#### Aim of the task:
Find the line containing "9月19日,在甘肅省定西市安定區友誼幼兒園,校醫為孩子們講授正確的刷牙方式。" in the listing below. Repeat it exactly, along with each following line up to and including the one containing "Готовая домашняя работа".

[Information supplied — start]

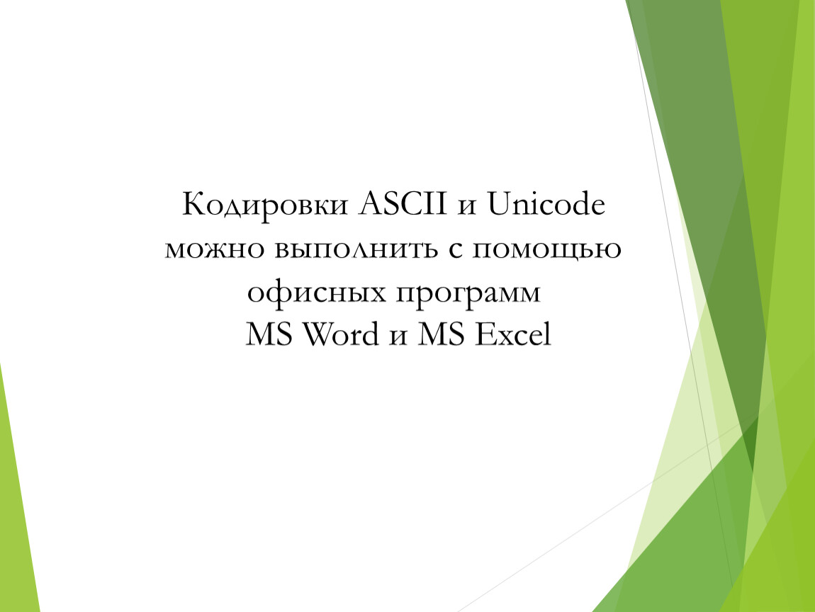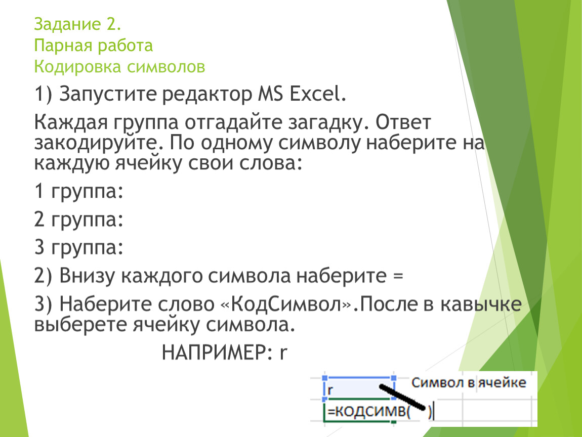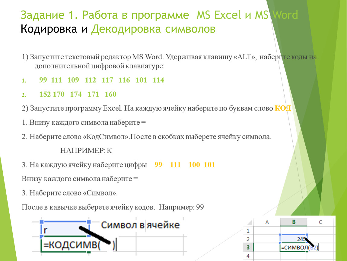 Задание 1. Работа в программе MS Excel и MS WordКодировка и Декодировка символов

[Information supplied — finish]
[Information supplied — start]

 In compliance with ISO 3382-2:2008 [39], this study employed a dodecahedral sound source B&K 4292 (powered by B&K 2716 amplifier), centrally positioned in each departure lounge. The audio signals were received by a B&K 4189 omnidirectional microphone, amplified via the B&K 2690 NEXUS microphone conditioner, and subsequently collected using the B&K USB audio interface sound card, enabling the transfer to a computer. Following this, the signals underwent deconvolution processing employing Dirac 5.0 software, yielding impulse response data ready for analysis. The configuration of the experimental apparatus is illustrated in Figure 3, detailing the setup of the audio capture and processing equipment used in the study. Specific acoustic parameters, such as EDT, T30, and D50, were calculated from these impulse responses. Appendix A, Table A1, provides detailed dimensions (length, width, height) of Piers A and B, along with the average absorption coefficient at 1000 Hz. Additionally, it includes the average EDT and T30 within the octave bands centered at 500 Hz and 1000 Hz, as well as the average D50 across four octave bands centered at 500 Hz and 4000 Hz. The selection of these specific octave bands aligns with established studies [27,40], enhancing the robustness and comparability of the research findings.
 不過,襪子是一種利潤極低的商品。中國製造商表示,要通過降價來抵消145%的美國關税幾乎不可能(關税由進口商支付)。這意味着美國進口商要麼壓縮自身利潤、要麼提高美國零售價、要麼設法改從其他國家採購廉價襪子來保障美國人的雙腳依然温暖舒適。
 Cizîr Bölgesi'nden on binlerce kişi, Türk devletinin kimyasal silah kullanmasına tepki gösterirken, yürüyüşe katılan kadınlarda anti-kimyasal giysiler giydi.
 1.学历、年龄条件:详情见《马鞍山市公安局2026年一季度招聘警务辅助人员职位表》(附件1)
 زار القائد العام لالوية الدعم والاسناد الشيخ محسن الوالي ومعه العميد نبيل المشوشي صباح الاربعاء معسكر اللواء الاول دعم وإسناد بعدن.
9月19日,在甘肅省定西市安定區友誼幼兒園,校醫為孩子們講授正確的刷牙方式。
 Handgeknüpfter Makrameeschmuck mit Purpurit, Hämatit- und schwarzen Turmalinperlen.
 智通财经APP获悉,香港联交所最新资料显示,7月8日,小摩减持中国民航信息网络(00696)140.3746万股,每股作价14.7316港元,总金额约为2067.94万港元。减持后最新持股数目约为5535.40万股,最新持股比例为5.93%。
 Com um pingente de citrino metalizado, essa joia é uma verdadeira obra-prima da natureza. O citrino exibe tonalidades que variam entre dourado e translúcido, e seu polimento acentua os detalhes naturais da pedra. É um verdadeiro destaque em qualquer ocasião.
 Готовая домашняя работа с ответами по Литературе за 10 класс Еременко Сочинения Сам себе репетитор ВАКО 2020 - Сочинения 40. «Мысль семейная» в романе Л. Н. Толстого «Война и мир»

[Information supplied — finish]
[Information supplied — start]

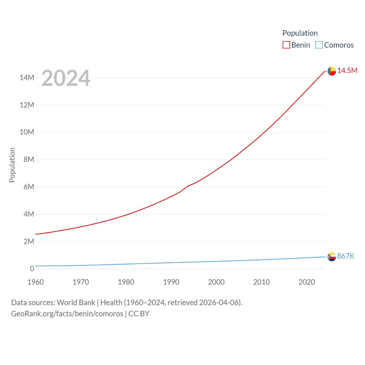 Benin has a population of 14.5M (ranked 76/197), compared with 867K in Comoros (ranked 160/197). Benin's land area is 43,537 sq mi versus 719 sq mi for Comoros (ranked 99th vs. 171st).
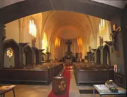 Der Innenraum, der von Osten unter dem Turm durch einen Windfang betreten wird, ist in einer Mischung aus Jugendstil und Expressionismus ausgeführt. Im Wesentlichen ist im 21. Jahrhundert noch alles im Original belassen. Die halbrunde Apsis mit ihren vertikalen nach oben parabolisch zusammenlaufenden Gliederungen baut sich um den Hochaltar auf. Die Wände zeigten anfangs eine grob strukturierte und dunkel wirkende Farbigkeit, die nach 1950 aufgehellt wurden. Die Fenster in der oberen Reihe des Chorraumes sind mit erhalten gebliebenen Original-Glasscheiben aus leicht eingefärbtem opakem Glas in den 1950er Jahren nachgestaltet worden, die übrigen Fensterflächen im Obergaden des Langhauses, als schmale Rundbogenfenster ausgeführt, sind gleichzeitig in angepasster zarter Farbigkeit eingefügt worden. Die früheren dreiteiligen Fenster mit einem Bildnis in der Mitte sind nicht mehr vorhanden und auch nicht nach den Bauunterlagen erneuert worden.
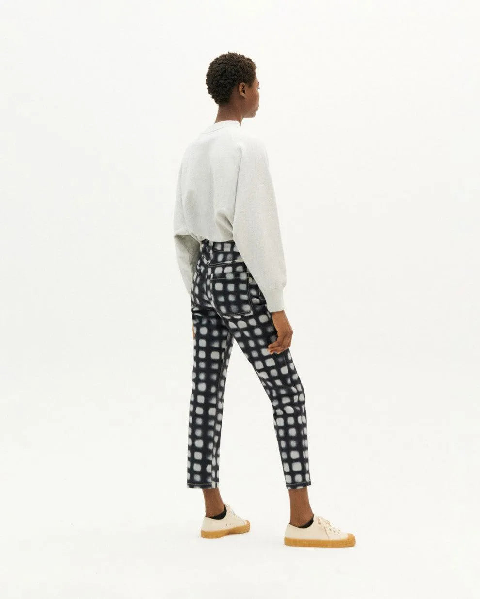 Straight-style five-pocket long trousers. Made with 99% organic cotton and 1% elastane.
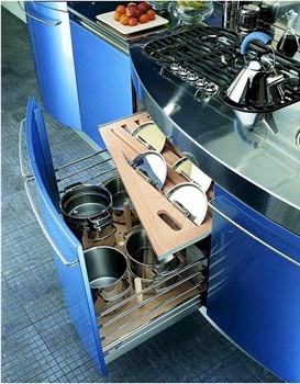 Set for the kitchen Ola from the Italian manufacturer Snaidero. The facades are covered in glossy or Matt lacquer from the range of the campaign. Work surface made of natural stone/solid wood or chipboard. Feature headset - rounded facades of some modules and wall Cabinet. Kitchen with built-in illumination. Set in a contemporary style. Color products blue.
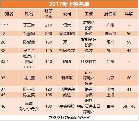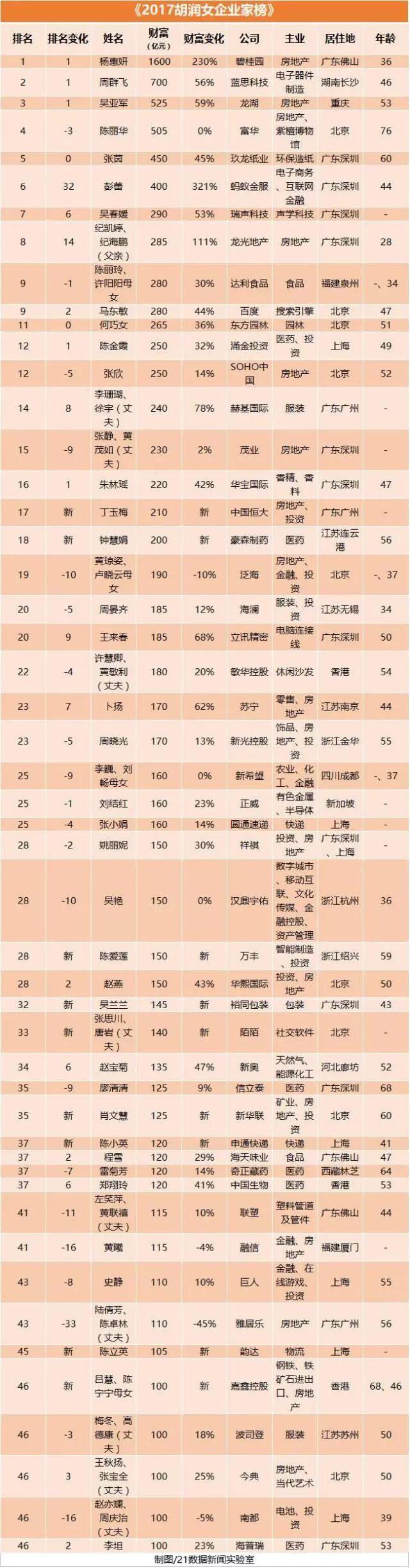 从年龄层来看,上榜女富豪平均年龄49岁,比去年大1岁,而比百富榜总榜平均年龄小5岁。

[Information supplied — finish]

#### Problem solution:
9月19日,在甘肅省定西市安定區友誼幼兒園,校醫為孩子們講授正確的刷牙方式。
 Handgeknüpfter Makrameeschmuck mit Purpurit, Hämatit- und schwarzen Turmalinperlen.
 智通财经APP获悉,香港联交所最新资料显示,7月8日,小摩减持中国民航信息网络(00696)140.3746万股,每股作价14.7316港元,总金额约为2067.94万港元。减持后最新持股数目约为5535.40万股,最新持股比例为5.93%。
 Com um pingente de citrino metalizado, essa joia é uma verdadeira obra-prima da natureza. O citrino exibe tonalidades que variam entre dourado e translúcido, e seu polimento acentua os detalhes naturais da pedra. É um verdadeiro destaque em qualquer ocasião.
 Готовая домашняя работа с ответами по Литературе за 10 класс Еременко Сочинения Сам себе репетитор ВАКО 2020 - Сочинения 40. «Мысль семейная» в романе Л. Н. Толстого «Война и мир»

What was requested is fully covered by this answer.